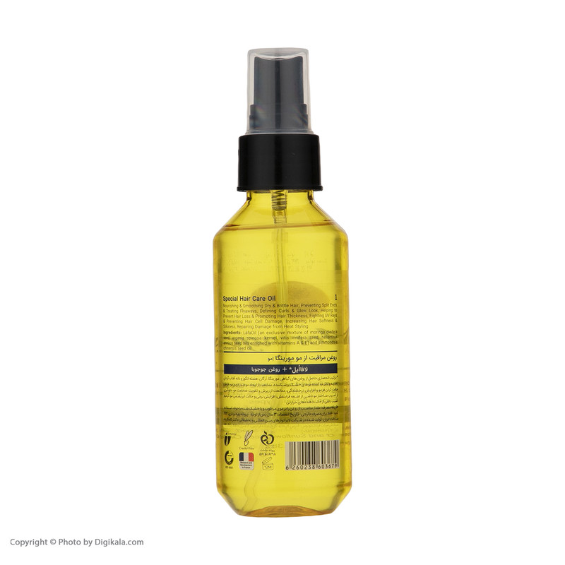 LáfaOil (لافااُیل: ترکیبی انحصاری شامل روغنهای گیاهی مورینگا، آرگان، هسته انگور و دانه آفتابگردان وویتامین A و E) + روغن دانه جوجوبا این محصول، عاری از هر گونه ماده نگهدارنده است.
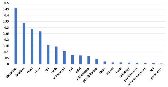 The elevation is the most important factor (with q of 0.46), which is followed by land use (0.33), road (0.29), and river (0.27). And the q of plan curve, seismic density, SPI, and profile curve are all less than 0.01, they are considered redundant factors [44]. Besides, the p-values for both TWI and profile curve are greater than 0.05, and thus the results are not statistically significant. As a result, the plan curve, seismic density, SPI, profile curve, and TWI should be eliminated. However, the result of the Interaction-detector provides additional information and insights beyond the above results. We can clearly see that seismic intensity plays a positive role in the interaction with other factors, as evidenced by the nonlinear enhancement of the cross-effects with each of the factors, while other factors do not have such a strong effect. So, we tried to keep the seismic intensity and remove the other four factors.
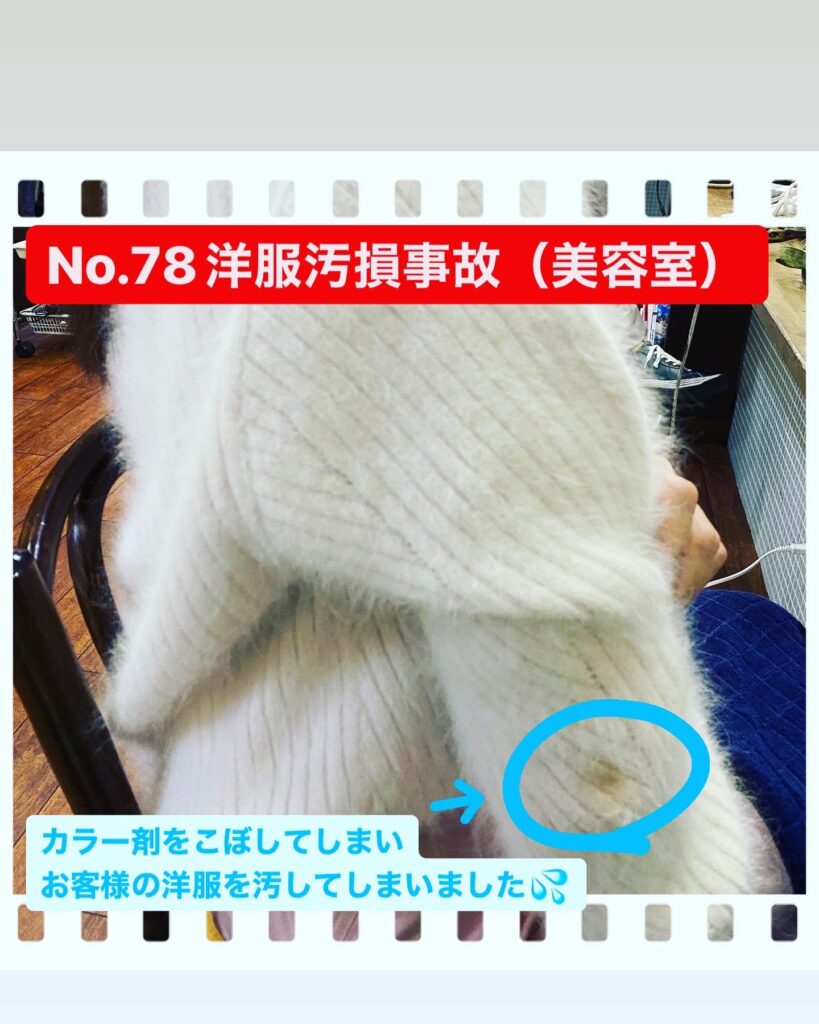 スタッフが手を滑らせてカラー剤をお客様の洋服にこぼしてしまいました😓💦
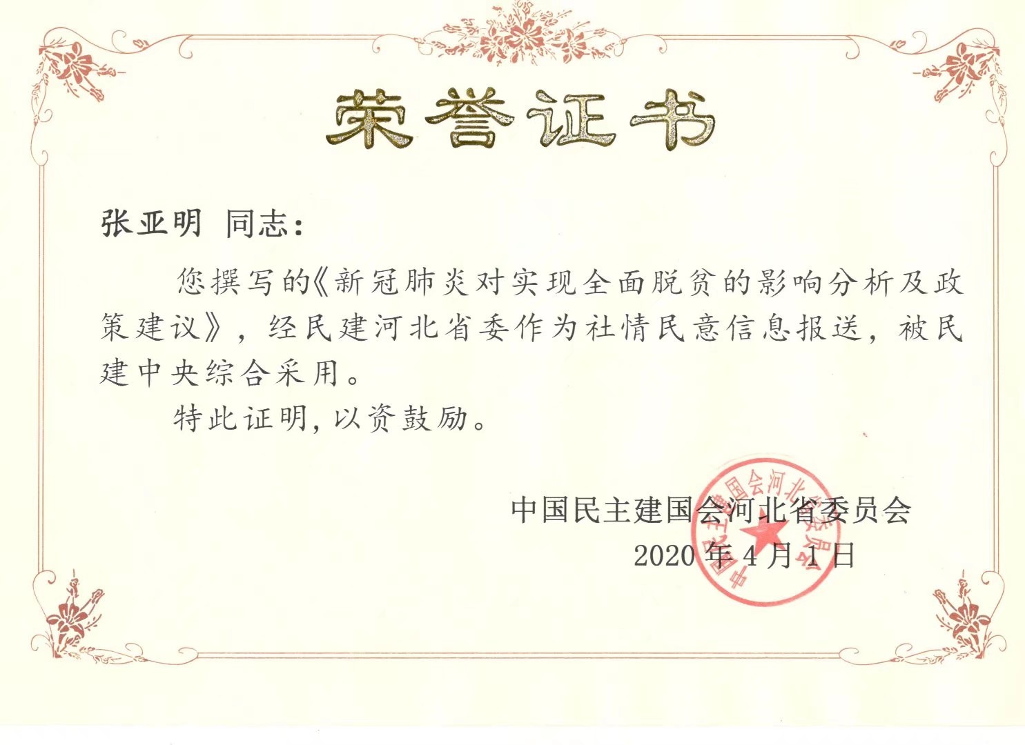 教师张亚明教授、刘海鸥副教授撰写的智库报告《新冠肺炎对实现全面脱贫的影响分析及政策建议》再次被民建中央采用,这是张亚明教授科研团队第五篇被民建中央采用的智库报告,实现了建言资政新的突破。
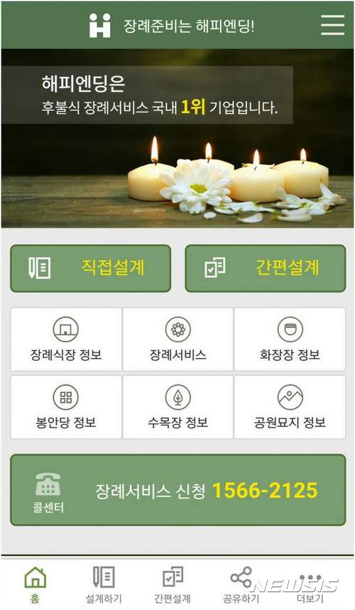 【서울=뉴시스】후불식 장례서비스 선두업체인 해피엔딩주식회사(대표이사 박덕만)가 "장례준비는 해피엔딩!"이란 모바일앱을 2월 말 출시하고 본격적인 보급에 나섰다. 이 장례준비 모바일앱은 임종 전에 장례식장, 화장장, 장묘시설 등을 미리 선택하여 장례비용 및 장례절차를 사전에 설계하도록 구성되어 있다.
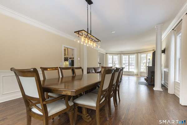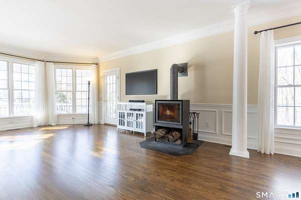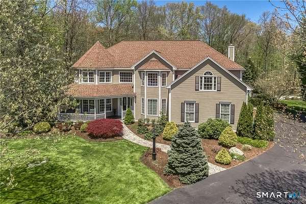 Highest & best offers requested by 9am 02/05 Thur on this Gorgeous home in Heritage Ridge Estates-one of the area's most coveted subdivisions of luxury residences. This richly detailed sun-splashed 5-bedroom, 3.5-bath home enjoys a premier cul-de-sac setting on a 1.64-acre property with an in-ground pool abutting five private wooded acres of open space, offering remarkable privacy and serenity. This beautifully updated home features a dramatic two-story foyer, an elegant round turret room, and a flowing open floor plan ideal for both everyday living and large parties. The gorgeous kitchen showcases granite countertops, a center island, a pantry, tumbled marble backsplash, and new appliances, including a Wolf gas cooktop. It opens seamlessly to an impressive great room with a cathedral ceiling and a gas fireplace. Sliding doors lead directly to a vaulted, screened sun porch with a ceiling fan, perfect for relaxed summer evenings and effortless indoor-outdoor living overlooking the private deck, pool, and property. A pillared dining room, accented with double crown and wall moldings, connects to the formal living room, which features a new wood-burning stove by Stuv, a premier European brand, and French doors to the dreamy wrap-around front porch. Throughout the home, you'll find refinished and new hardwood floors, adding warmth and polish. Additional highlights include a newer 2020 roof, a 2021 HVAC system, a Generac whole-house generator and surround-sound audio inside and ou

Exercise instructions –
Would you output, word for word, only the lines running from the line with "スタッフが手を滑らせてカラー剤をお客様の洋服にこぼしてしまいました😓💦" to the end of the listing above, both ends included, with no pictures?

Solution for this task –
 スタッフが手を滑らせてカラー剤をお客様の洋服にこぼしてしまいました😓💦
 教师张亚明教授、刘海鸥副教授撰写的智库报告《新冠肺炎对实现全面脱贫的影响分析及政策建议》再次被民建中央采用,这是张亚明教授科研团队第五篇被民建中央采用的智库报告,实现了建言资政新的突破。
 【서울=뉴시스】후불식 장례서비스 선두업체인 해피엔딩주식회사(대표이사 박덕만)가 "장례준비는 해피엔딩!"이란 모바일앱을 2월 말 출시하고 본격적인 보급에 나섰다. 이 장례준비 모바일앱은 임종 전에 장례식장, 화장장, 장묘시설 등을 미리 선택하여 장례비용 및 장례절차를 사전에 설계하도록 구성되어 있다.
 Highest & best offers requested by 9am 02/05 Thur on this Gorgeous home in Heritage Ridge Estates-one of the area's most coveted subdivisions of luxury residences. This richly detailed sun-splashed 5-bedroom, 3.5-bath home enjoys a premier cul-de-sac setting on a 1.64-acre property with an in-ground pool abutting five private wooded acres of open space, offering remarkable privacy and serenity. This beautifully updated home features a dramatic two-story foyer, an elegant round turret room, and a flowing open floor plan ideal for both everyday living and large parties. The gorgeous kitchen showcases granite countertops, a center island, a pantry, tumbled marble backsplash, and new appliances, including a Wolf gas cooktop. It opens seamlessly to an impressive great room with a cathedral ceiling and a gas fireplace. Sliding doors lead directly to a vaulted, screened sun porch with a ceiling fan, perfect for relaxed summer evenings and effortless indoor-outdoor living overlooking the private deck, pool, and property. A pillared dining room, accented with double crown and wall moldings, connects to the formal living room, which features a new wood-burning stove by Stuv, a premier European brand, and French doors to the dreamy wrap-around front porch. Throughout the home, you'll find refinished and new hardwood floors, adding warmth and polish. Additional highlights include a newer 2020 roof, a 2021 HVAC system, a Generac whole-house generator and surround-sound audio inside and ou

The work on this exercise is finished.